Co-accused in $75 million Malta-based fraud pleads guilty to conspiracy

American billionaire insurance magnate Greg Lindberg and Christopher Herwig were charged in August by the US SEC with defrauding clients out of over $75 million through an ‘elaborate’ scam perpetrated through their company in Malta


Christopher Herwig, who stands accused together with billionaire insurance magnate Greg Lindberg who had set up shop in Malta with a flurry of publicity, has pleaded guilty to conspiracy to defraud the United States through a company set up in Malta apparently for the explicit purpose of running the “elaborate” fraud.

The US Securities and Exchange Commission (SEC) in August charged Lindberg, Herwig and their Malta-based registered investment advisory company, Standard Advisory Services Limited, with defrauding clients out of more than $75 million through undisclosed transactions that benefited only themselves and their companies.

According to the SEC’s complaint, from July 2017 through 2018, Lindberg and Herwig, through the Maltese Standard Advisory Services Limited (SASL), fraudulently caused their clients to engage in undisclosed related-party transactions that were, according to the SEC’s charges, far from being in their clients’ best interests.

New court documents released Thursday detail Herwig, Lindberg and a third employee’s efforts to create a financial scheme to move money between several insurance companies and other businesses owned by Lindberg.

Herwig worked for the conglomerate from August 2010 to August 2020, according to the court documents. The documents also claim Herwig worked as a director/trustee and chief investment officer/treasurer of the companies.

The court documents claim the scheme took place from January 2016 through at least 2019. They claim the scheme tried to skim money from the various businesses for Lindberg’s benefit while concealing it from regulators at the North Carolina Department of Insurance.

The documents claim Lindberg, Herwig and an unnamed third employee “extracted hundreds of millions of dollars from various insurance companies through a series of loans and related financial transactions to fund the acquisition and operation of other [Lindberg] companies”.

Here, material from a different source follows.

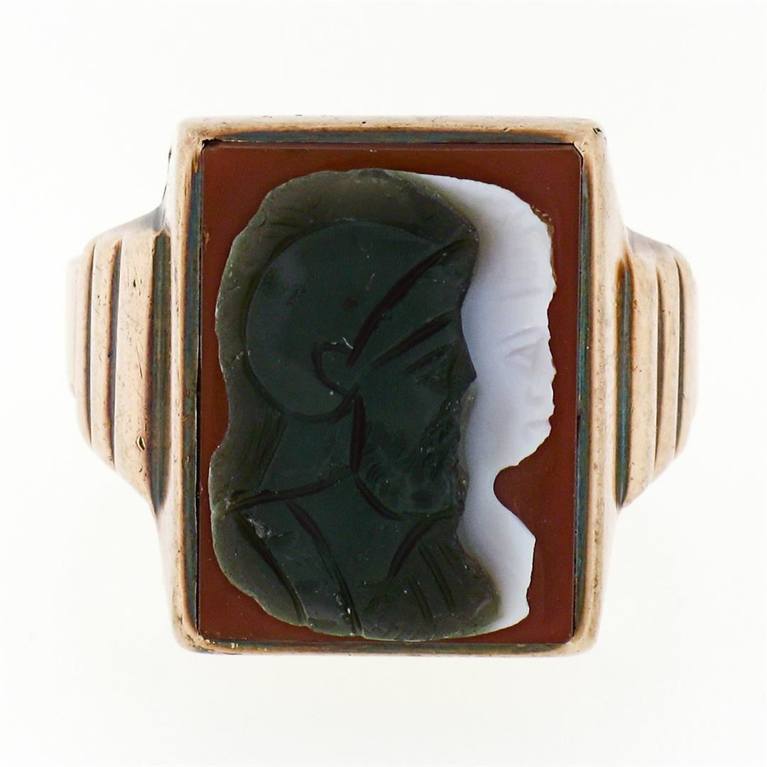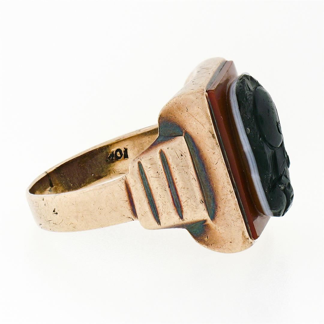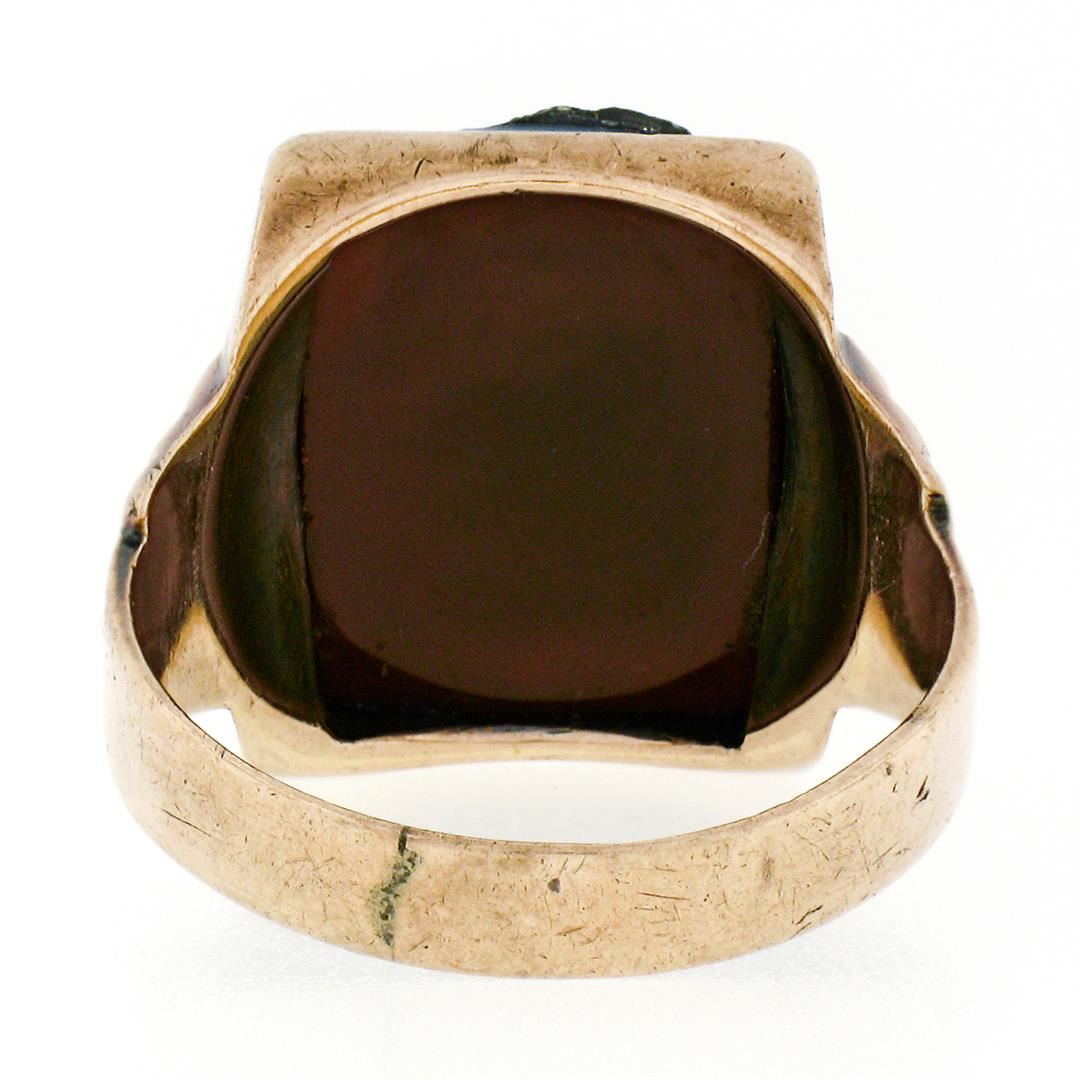 An antique solid 10k rosy yellow gold ring, with 1 rectangular shape natural carnelian (15.80x11.90mm), toped with natural agate (black and white colors). The ring is size 9.0, weighs a total of 6.63 grams, and measures 17.25mm wide.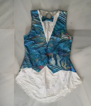 Maillot de patinaje artístico con un diseño llamativo. Solo tiene un uso. - Parte superior con estampado brillante en tonos azules. - Detalle de pajarita. - Parte inferior blanca.

That included skimming about $55 million from his companies through the scheme and using the money to purchase a mansion for Lindberg and “tennis facility properties” in Chapel Hill.

The Shift reported at the end of August that Lindberg, Herwig, and the Malta-incorporated Standard Advisory had been charged with violating the antifraud provisions of the US Investment Advisers Act of 1940, and that the disgorgement plus prejudgment interest, penalties and permanent injunctions were being sought by the US authorities.

Standard Advisory Services Limited had been issued with a Category 2 Investment Services Licence by the Malta Financial Services Authority. At the end of September 2020, the licence was cancelled after it was surrendered “entirely voluntarily”, according to a statement by the MFSA at the time.

The Malta-based SASL was registered with the SEC as an investment adviser from November 2016 until it withdrew its registration on 1 October 2019. Lindberg indirectly owned SASL, and Lindberg and Herwig were directors of SASL and members of SASL’s investment committee.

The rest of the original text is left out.